* _Exercise objective_
Write out every entry exactly; the pictures do not belong in the copy.

* _Stored items_
■ ■ ■ ■ ■ ■ ■
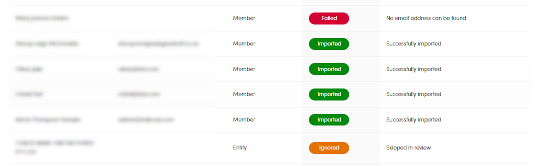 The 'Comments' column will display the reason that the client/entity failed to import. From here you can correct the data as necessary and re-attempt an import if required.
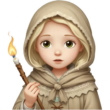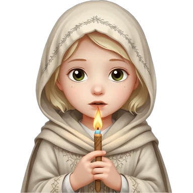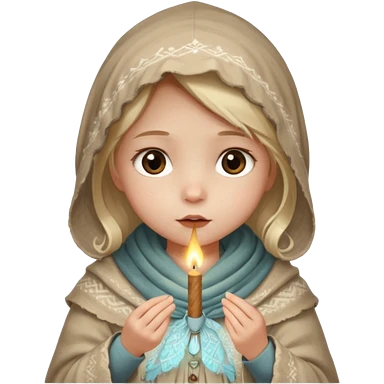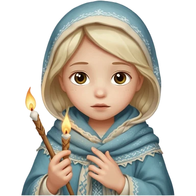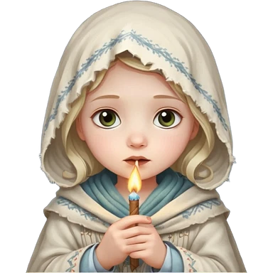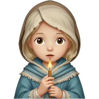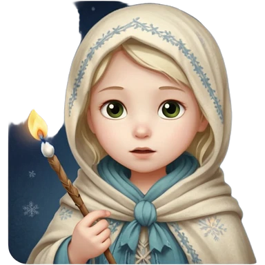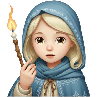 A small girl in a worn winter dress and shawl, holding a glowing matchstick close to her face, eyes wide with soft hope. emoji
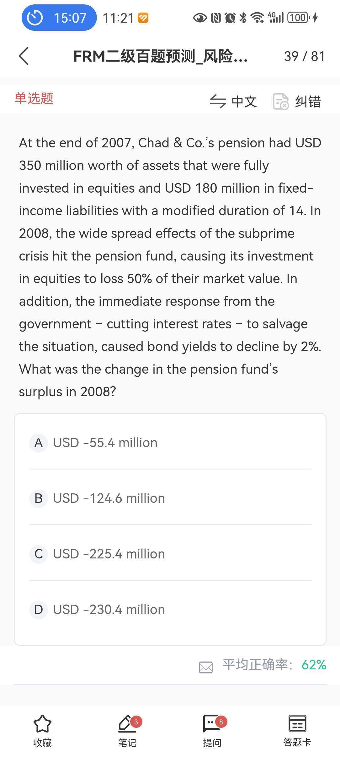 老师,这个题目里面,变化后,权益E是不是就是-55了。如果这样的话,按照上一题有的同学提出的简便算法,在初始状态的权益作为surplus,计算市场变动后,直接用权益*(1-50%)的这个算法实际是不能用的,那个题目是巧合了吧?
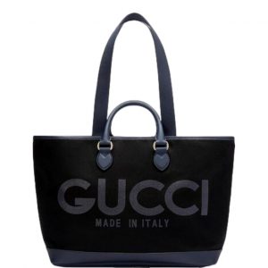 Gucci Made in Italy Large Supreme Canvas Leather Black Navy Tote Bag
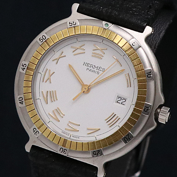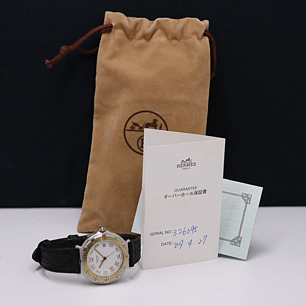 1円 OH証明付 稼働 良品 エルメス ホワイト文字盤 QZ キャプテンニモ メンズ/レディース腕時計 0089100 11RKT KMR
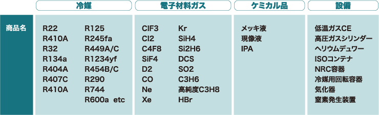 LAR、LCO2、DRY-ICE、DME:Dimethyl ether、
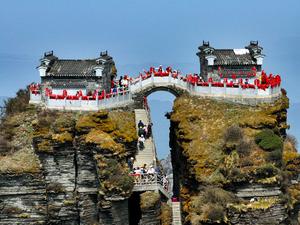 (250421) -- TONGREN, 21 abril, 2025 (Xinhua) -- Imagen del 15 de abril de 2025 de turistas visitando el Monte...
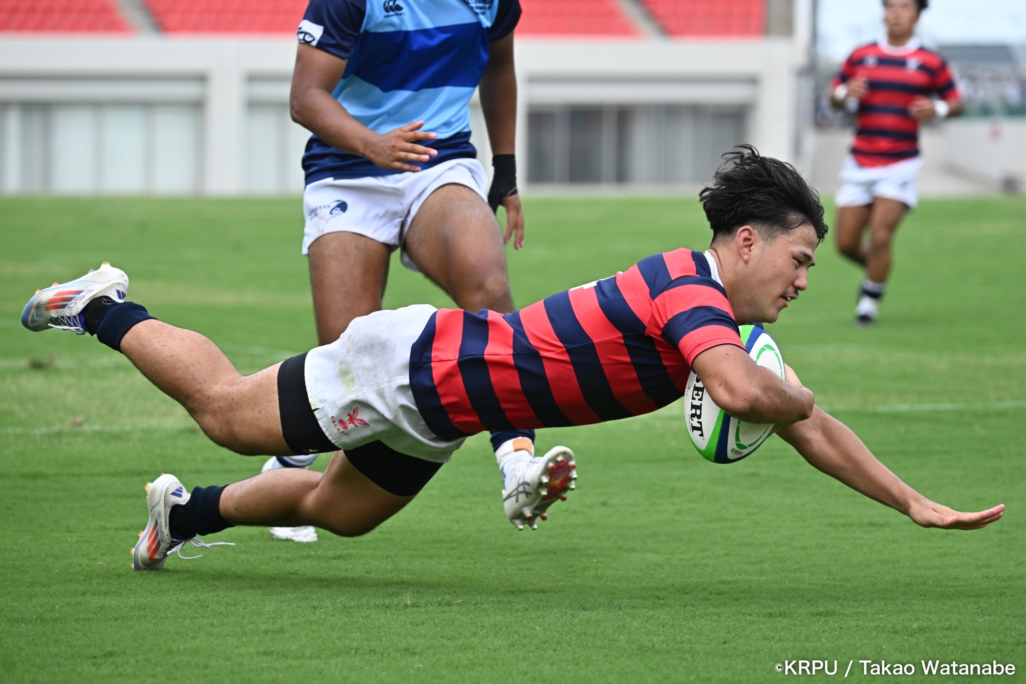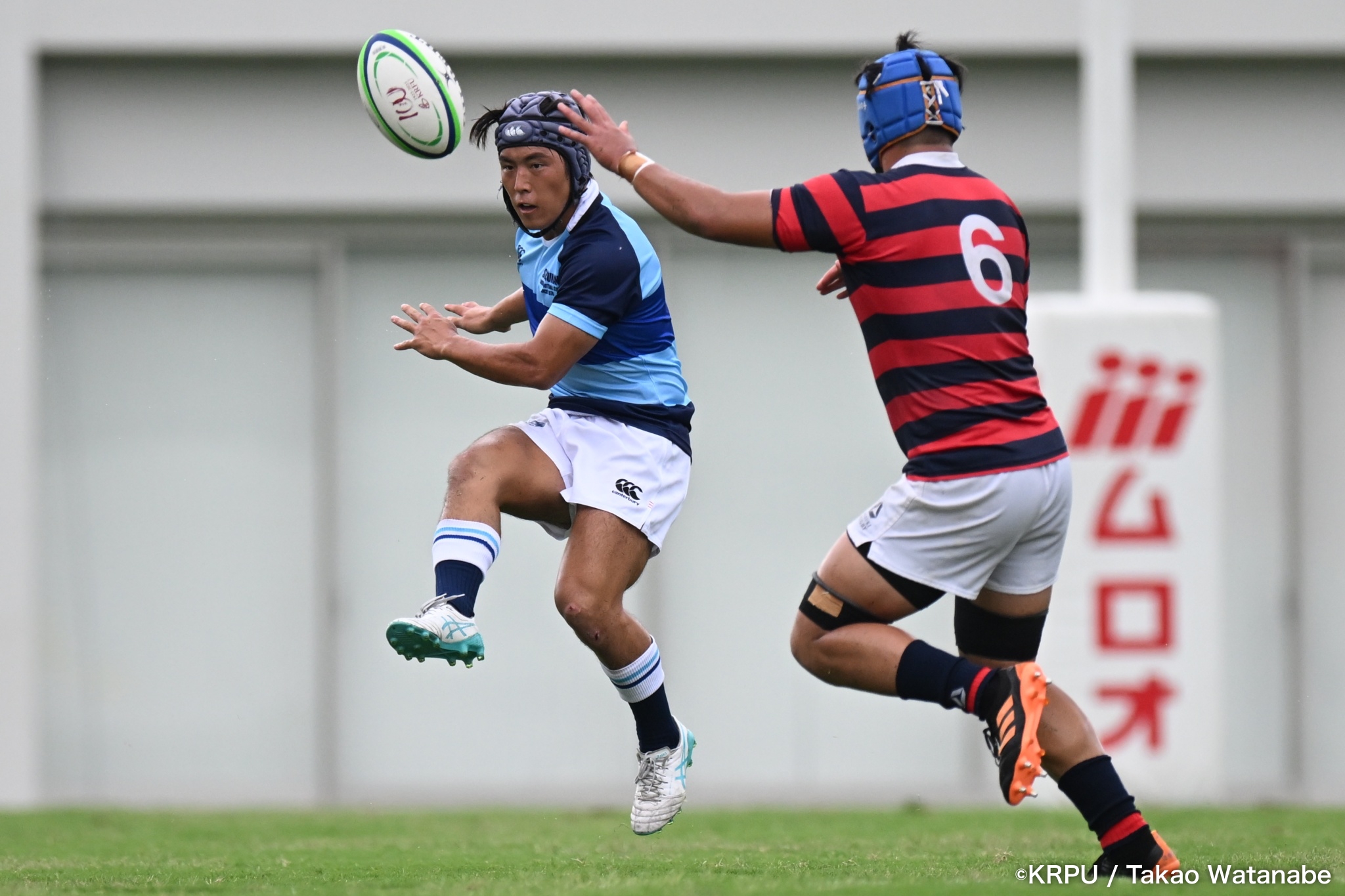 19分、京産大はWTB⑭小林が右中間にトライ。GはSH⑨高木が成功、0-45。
■ ■ ■ ■ ■ ■ ■
* _Answer to the problem_
 The 'Comments' column will display the reason that the client/entity failed to import. From here you can correct the data as necessary and re-attempt an import if required.
 A small girl in a worn winter dress and shawl, holding a glowing matchstick close to her face, eyes wide with soft hope. emoji
 老师,这个题目里面,变化后,权益E是不是就是-55了。如果这样的话,按照上一题有的同学提出的简便算法,在初始状态的权益作为surplus,计算市场变动后,直接用权益*(1-50%)的这个算法实际是不能用的,那个题目是巧合了吧?
 Gucci Made in Italy Large Supreme Canvas Leather Black Navy Tote Bag
 1円 OH証明付 稼働 良品 エルメス ホワイト文字盤 QZ キャプテンニモ メンズ/レディース腕時計 0089100 11RKT KMR
 LAR、LCO2、DRY-ICE、DME:Dimethyl ether、
 (250421) -- TONGREN, 21 abril, 2025 (Xinhua) -- Imagen del 15 de abril de 2025 de turistas visitando el Monte...
 19分、京産大はWTB⑭小林が右中間にトライ。GはSH⑨高木が成功、0-45。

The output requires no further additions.